• Exercise aim
Can you set down, exactly as they appear below, the lines from the opening of the material through the one bearing "Utforska vår skärbräda", minus the pictures?

• Data
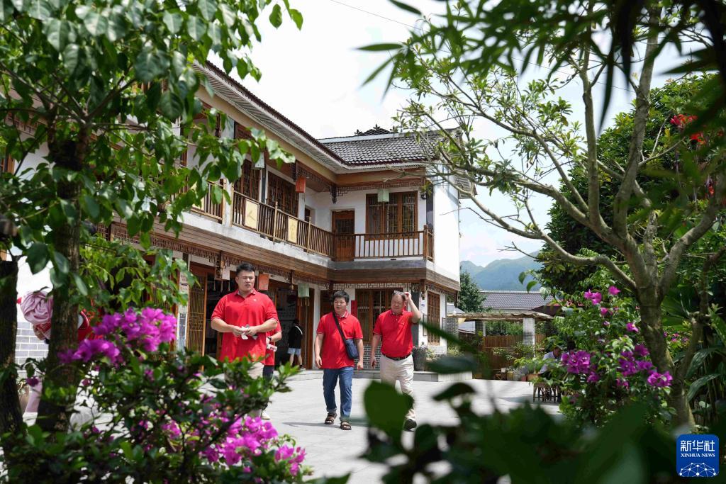 7月11日,游客在貴州省遵義市播州區楓香鎮花茂村游玩。
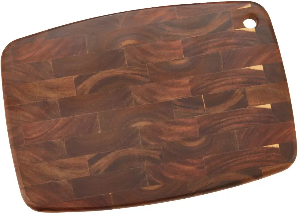 Utforska vår skärbräda - en perfekt kombination av stil och funktion. Tillverkad av ändträ i Akacia för överlägsen hållbarhet som ger den dess fina karaktär. Med sin eleganta design och praktiska storlek blir denna skärbräda ett oumbärligt tillskott till ditt kök. Uppgradera din matlagning med stil!
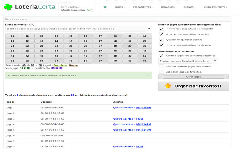 Loteria Certa Desdobramentos da Mega Sena
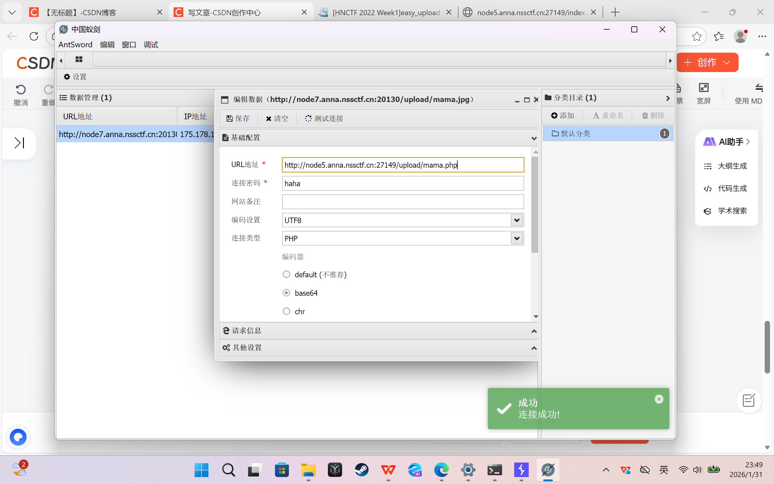 成功!上蚁剑!

• Task output
 7月11日,游客在貴州省遵義市播州區楓香鎮花茂村游玩。
 Utforska vår skärbräda - en perfekt kombination av stil och funktion. Tillverkad av ändträ i Akacia för överlägsen hållbarhet som ger den dess fina karaktär. Med sin eleganta design och praktiska storlek blir denna skärbräda ett oumbärligt tillskott till ditt kök. Uppgradera din matlagning med stil!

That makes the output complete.